靴底を磨り減らして聞き込みを繰り返し、大量の捜査資料をひっくり返して、何度も検証してくれたというのに。
 正弘が床を見つめていると、谷崎はそれに気付いた。表情こそ見えないが、彼が気落ちしているのは解る。

「正弘君」

 谷崎に呼ばれ、正弘は顔を上げた。谷崎は腕を組み、年季の入った椅子の背もたれに体重を掛けた。

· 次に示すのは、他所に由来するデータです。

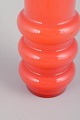 Mundblæst vase i intens orange glas med markant, skulpturel form bestående af cylindrisk krop med tre afrundede bånd. Et karakteristisk design fra 70’ernes svenske glaskunst, hvor form og farve blev brugt som dekorative virkemidler.

「俺の苦労は無駄になったかもしれないが、警察ってのはそういうもんだ。特に、現場の刑事はな。自衛隊だけじゃなく宇宙連まで関わっているとなると、事件の全てを解明することは不可能だろう。それは確かに心残りだが、それは仕方ないことなんだ。それに、捜査が終わったということは、事件が終わったということなんだ。もっとも、正弘君の中では、一生終わらないだろうがね」

「事件が、終わるんですか?」

「どんなものにも、必ず終わりってのはあるものなんだ。それに俺も、いつまでも同じ事件に掛かり切りというわけにはいかないんでね」

 谷崎はジャケットの内ポケットからタバコを取り出すと、銜えた。

「それに、そうすることは、正弘君のためでもある」

「オレの?」

 正弘は、谷崎の目を見た。谷崎はライターを付け、タバコの先端に火を点ける。

「この一年の間に、すっかり元気になったじゃないか」

「あ、はぁ」

 正弘が生返事をすると、谷崎は微笑ましげにする。

「好きな子もいるそうじゃないか」

 心底驚いた正弘は飲用チューブの中に残っていたコーラを、ぶばっ、と勢い良く吹き戻してしまった。

「だっ、だでぃやなざん!」

 正弘は慌てすぎたせいで、声を裏返した上に言葉を噛んでしまった。静香は、にやにやしている。

「あんたがドリンクバーにコーラを取りに行っている間にね。だって、あたしには報告する義務があるんだもの」

「余計なことを…」

 正弘は飲用チューブを収納してマスクを閉じながら、ぼやいた。静香は、笑い声を転がす。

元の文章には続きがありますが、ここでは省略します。